-- Opening Marker --
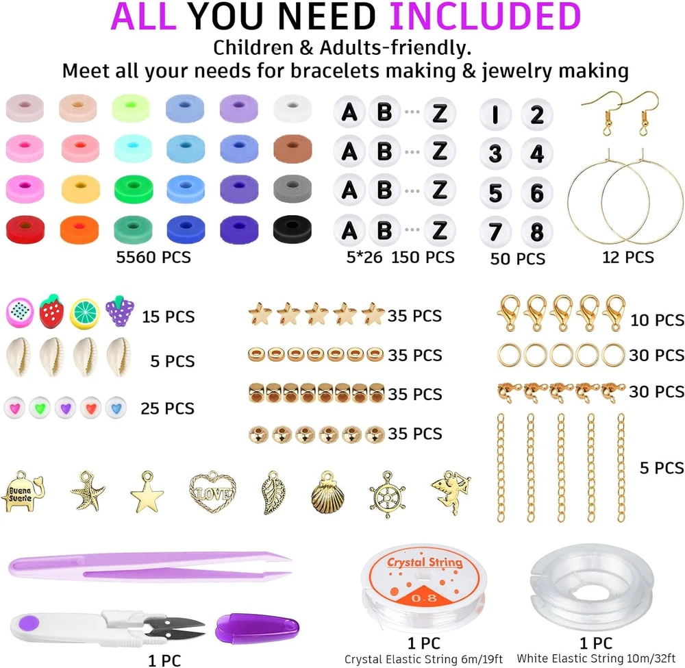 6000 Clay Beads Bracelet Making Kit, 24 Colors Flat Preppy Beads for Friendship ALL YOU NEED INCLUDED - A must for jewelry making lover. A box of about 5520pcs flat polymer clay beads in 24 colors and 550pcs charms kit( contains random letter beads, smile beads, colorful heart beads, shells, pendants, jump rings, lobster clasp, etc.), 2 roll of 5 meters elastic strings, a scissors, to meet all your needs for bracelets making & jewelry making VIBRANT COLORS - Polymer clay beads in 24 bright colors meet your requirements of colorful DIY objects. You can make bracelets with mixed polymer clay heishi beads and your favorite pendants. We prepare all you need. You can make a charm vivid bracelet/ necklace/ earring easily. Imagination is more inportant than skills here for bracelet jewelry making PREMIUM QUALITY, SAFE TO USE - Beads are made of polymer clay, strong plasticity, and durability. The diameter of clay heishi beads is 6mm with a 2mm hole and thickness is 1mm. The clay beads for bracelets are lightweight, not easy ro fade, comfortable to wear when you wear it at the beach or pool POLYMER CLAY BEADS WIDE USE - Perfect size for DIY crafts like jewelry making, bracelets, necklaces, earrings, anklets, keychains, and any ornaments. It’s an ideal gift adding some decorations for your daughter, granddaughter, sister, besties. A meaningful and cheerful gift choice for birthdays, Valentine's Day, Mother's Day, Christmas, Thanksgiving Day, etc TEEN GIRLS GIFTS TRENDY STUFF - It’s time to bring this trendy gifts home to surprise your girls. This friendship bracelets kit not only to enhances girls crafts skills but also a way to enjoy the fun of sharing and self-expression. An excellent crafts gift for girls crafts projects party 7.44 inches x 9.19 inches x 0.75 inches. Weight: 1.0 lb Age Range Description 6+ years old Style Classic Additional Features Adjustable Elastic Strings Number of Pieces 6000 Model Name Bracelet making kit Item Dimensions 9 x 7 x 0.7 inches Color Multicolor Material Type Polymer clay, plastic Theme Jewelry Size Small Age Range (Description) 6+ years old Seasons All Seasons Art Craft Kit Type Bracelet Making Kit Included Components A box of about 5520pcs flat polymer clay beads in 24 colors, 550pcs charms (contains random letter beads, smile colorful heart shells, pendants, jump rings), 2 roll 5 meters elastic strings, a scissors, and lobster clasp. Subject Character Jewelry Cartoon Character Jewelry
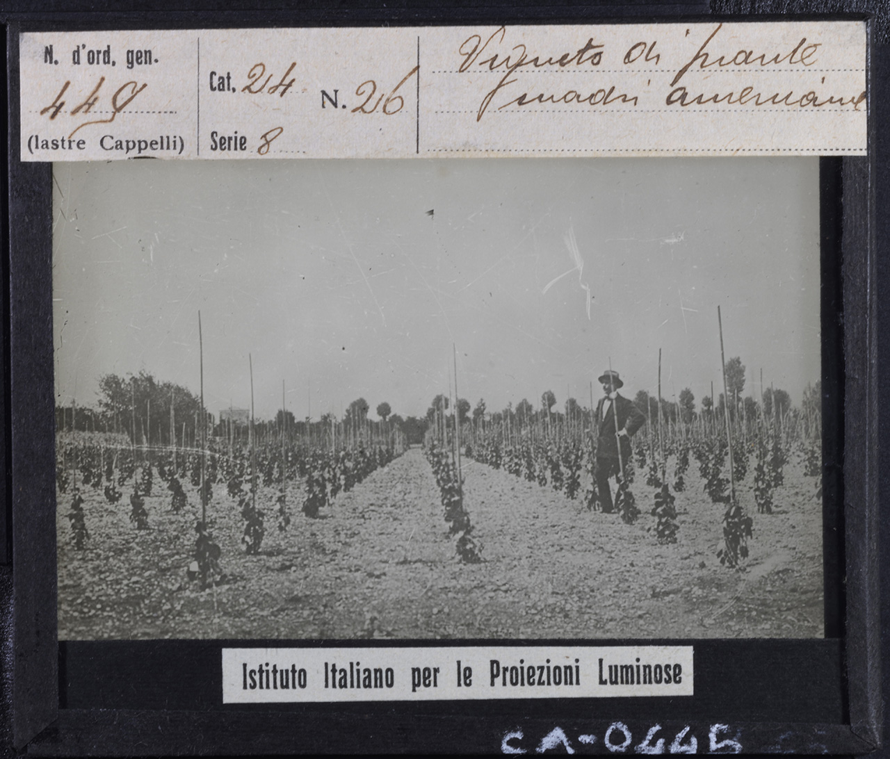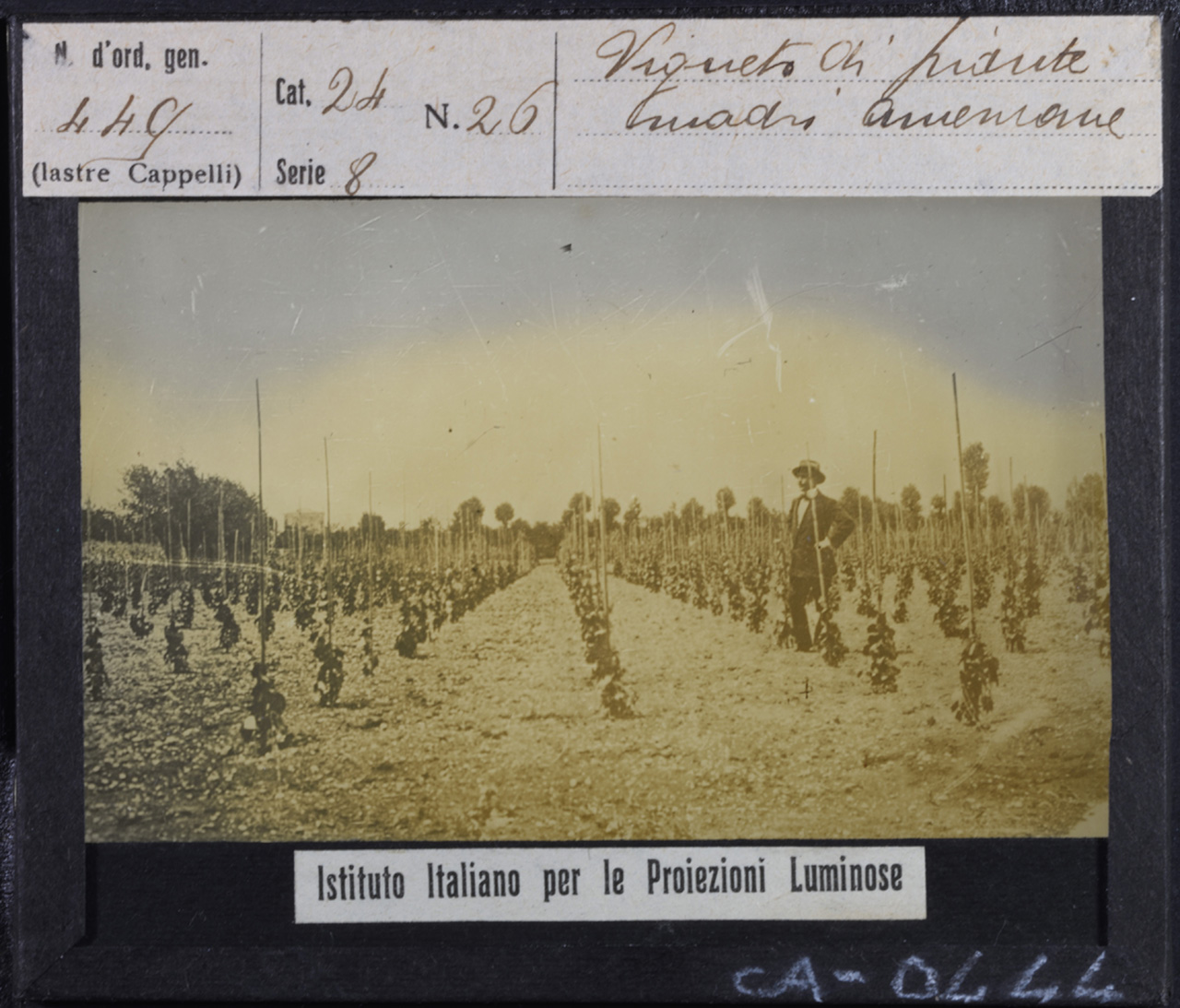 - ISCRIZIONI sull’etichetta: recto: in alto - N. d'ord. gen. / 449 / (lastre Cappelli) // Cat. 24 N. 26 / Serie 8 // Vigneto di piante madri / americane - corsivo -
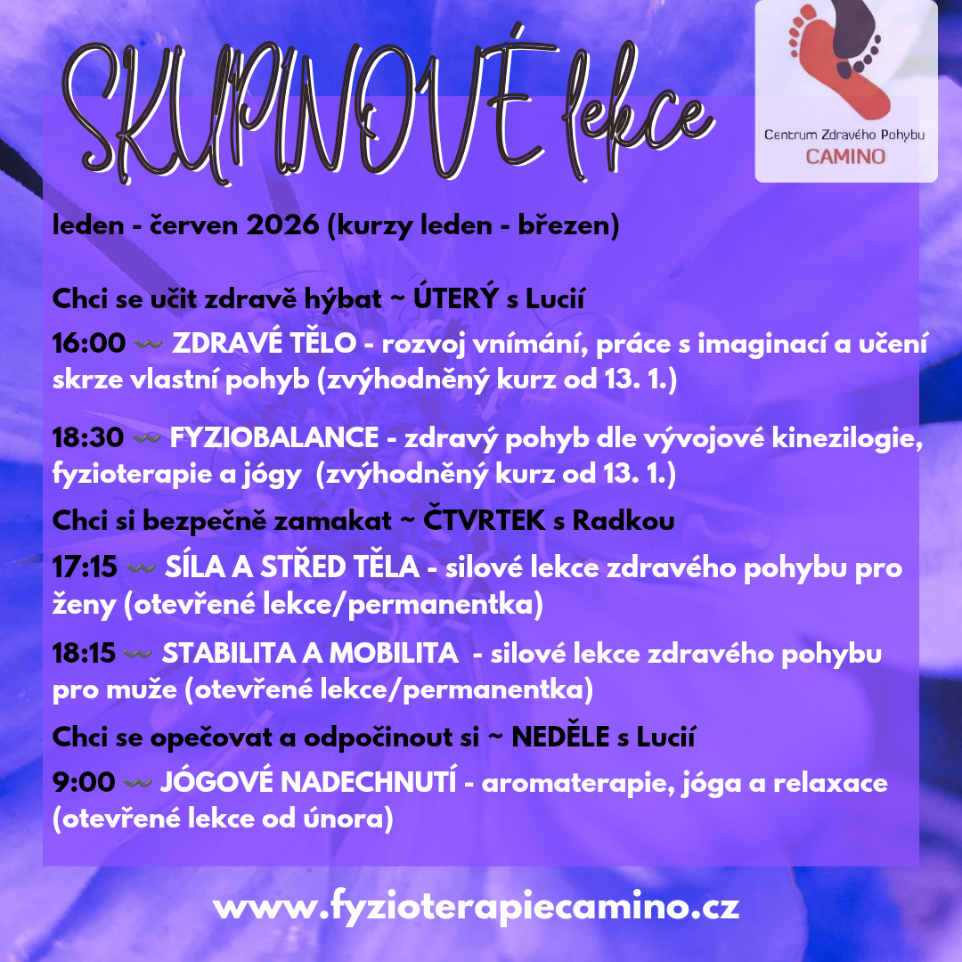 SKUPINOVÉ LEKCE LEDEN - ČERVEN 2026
-- Closing Marker --
What you should do: Set down exactly, from the line that contains "- ISCRIZIONI sull’etichetta: recto: in" through the last line of the data, each line as it stands, and leave the pictures out.

Your response:
 - ISCRIZIONI sull’etichetta: recto: in alto - N. d'ord. gen. / 449 / (lastre Cappelli) // Cat. 24 N. 26 / Serie 8 // Vigneto di piante madri / americane - corsivo -
 SKUPINOVÉ LEKCE LEDEN - ČERVEN 2026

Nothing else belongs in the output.